Also see this comment in #20: "it is one of the most expensive ways, since it doubles the number of classes and triples the number of property types. There are better ways to attach type to a relation."

VladimirAlexiev commented 7 years ago

not all Elements are Parts

To strengthen this: @azaroth42, can you please model "Without Base" as an object part ;-)

steads commented 7 years ago

See previous comment for link to RDF of CRMpc. The metric values are pretty obviously conversions and not real measurements (71.12014224!). The real measurements are then probably the Imperial measurements embedded in the text. How about parsing those?

steads commented 7 years ago

Just got the updated RDF for CRMpc 1.1 https://www.dropbox.com/s/o8w8juaoci3lzo9/CRMpc_v1.1.rdfs?dl=0

workergnome commented 7 years ago

@VladimirAlexiev: I'm not advocating for this technique specifically—just that we mutually agree on a technique for modeling the Pn.1 properties.
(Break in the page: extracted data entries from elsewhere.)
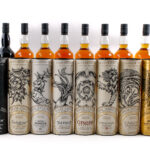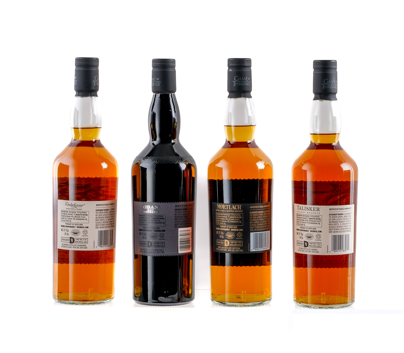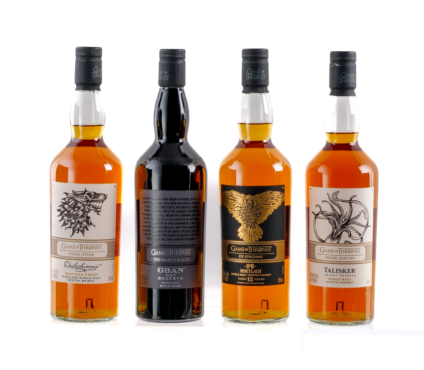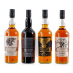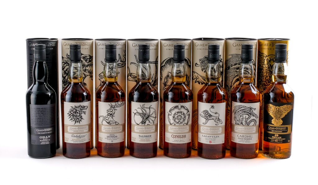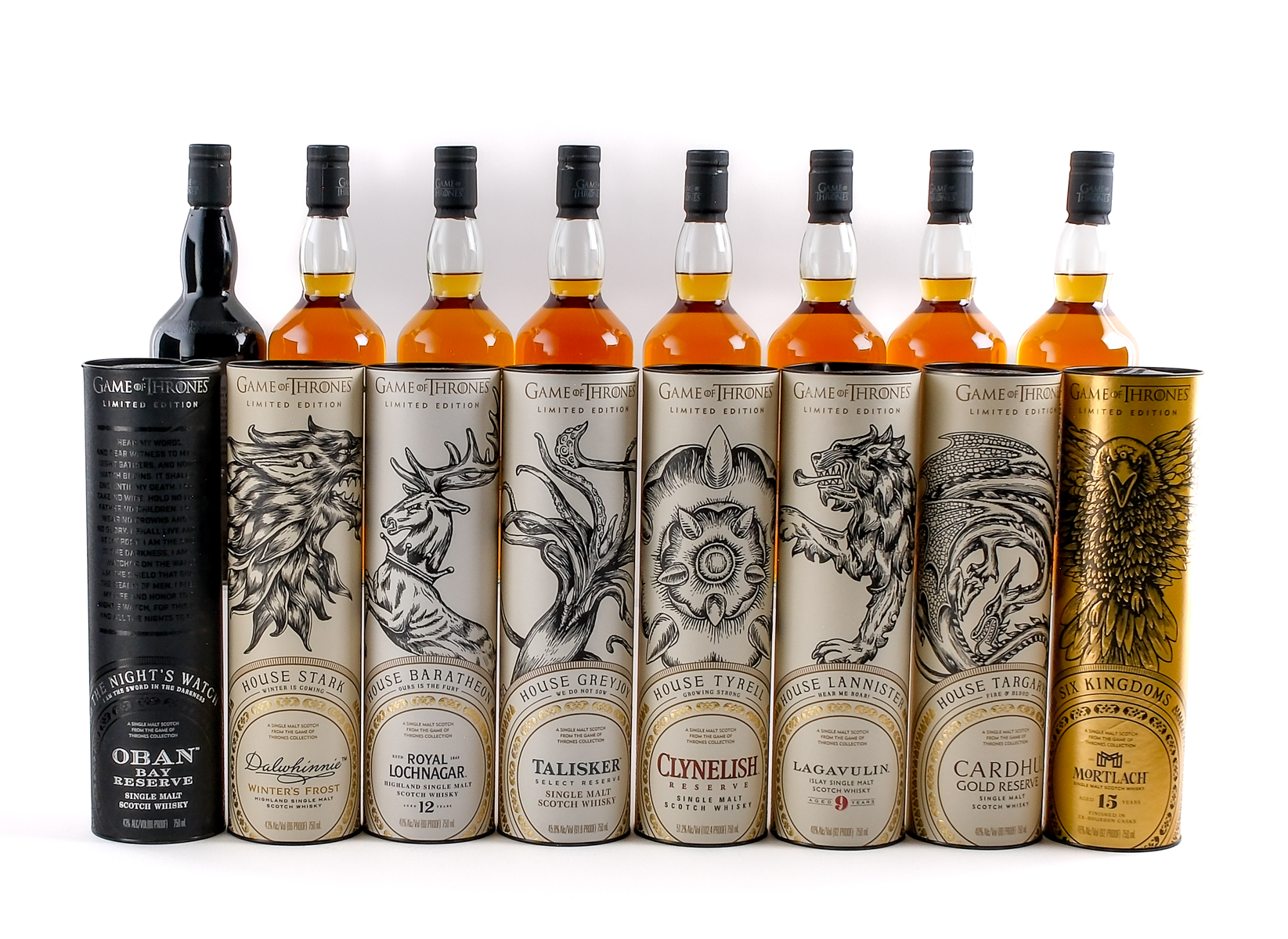 Group of 8 Limited Edition GoT themed bottles: 1x House Targaryen Cardhu Gold Reserve (40% ALC/VOL, 80 Proof), 1x House Stark Dalwhinnie Winter’s Frost Highland Single Malt Scotch Whisky (43% ALC/VOL, 86 Proof), 1x House Lannister Lagavulin Islay Single Malt Scotch Whisky (Aged 9 Years, 46% ALC/VOL, 92 Proof), 1x House Tyrell Clynelish Reserve (51.2% ALC/VOL, 102.4 Proof), 1x House Baratheon Royal Lochnager Highland Single Malt Whisky (Aged 12 Years, 40% ALC/VOL, 80 Proof), 1x House Greyjoy Talisker Select Reserve (45.8% ALC/VOL, 91.6 Proof), 1x The Night’s Watch Oban Bay Reserve (43% ALC/VOL, 86 Proof), and 1x Six Kingdoms Mortlach (Aged 15 Years, Finished in Ex-Bourbon Casks, 46% ALC/VOL, 92 Proof). Original carboard and tin tubes in largely excellent condition. Some imperfections evident. Labels and foils excellent. Only MIssing House Tully, Singleton. Whiskey Scotch Diageo Scotland Various 8 750ml
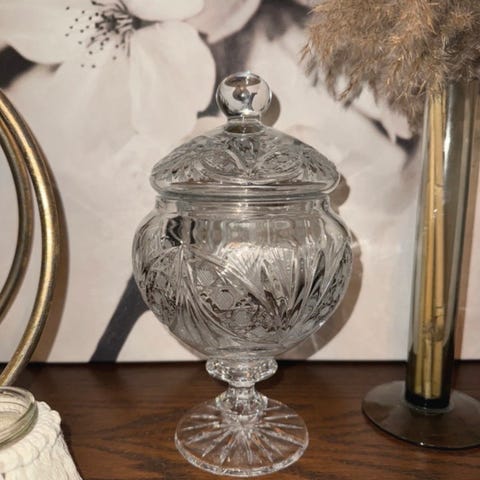 Upea 1900- luvun alkupuolelta todennäköisesti oleva lasi/kristalli astia. Metalliosat jotain niklattua valumetallia. Painaa n. 700g.
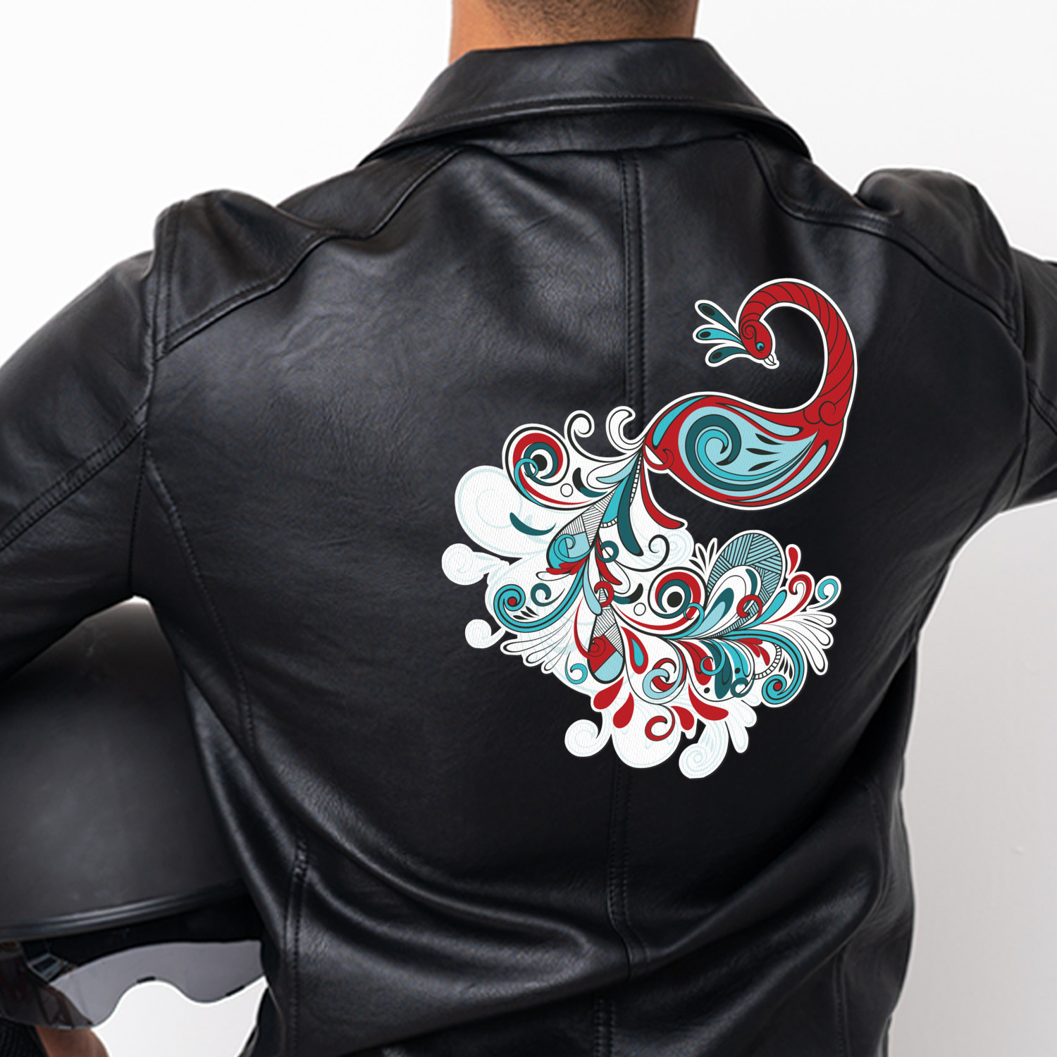 This peacock design is stunning. It has an beautifully illustrated peocock in teal and red, along with with some paisleys in the background.
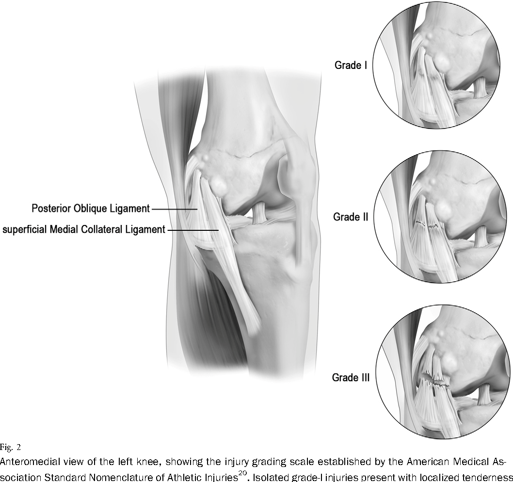 Poškodbe mišic in tetiv lahko razvrstimo na 3 stopnje. Spodnja slika prikazuje klasifikacijo in izgled poškodbe MCL strukture.

@steads: It makes me nervous to be modeling this using a vocabulary that is almost completely undocumented and still under development.

I'm also curious if there is a best-practices document, @steads, that describes how the CRM should be used. Your comment about Linguistic Objects makes sense, but is more restrictive than what is in the documentation for the CRM:

You would only instantiate an instance of E33 Linguistic Object if the text is documented in its own right as a subject in the domain of interest.

versus the documentation description:

This class comprises identifiable expressions in natural language or languages.

Is this your opinion as to what is best practices should be, or is this a restriction on the use of the CRM that is formally documented somewhere?

azaroth42 commented 7 years ago

Clearly "Other" and "Unspecified" can't be modeled as parts, but are just as meaningless in any other structure too. The state of case open/case closed would be hard to do as parts, I agree, but is an outlier. The rest of them seem to be parts (but happy to be corrected if they're not)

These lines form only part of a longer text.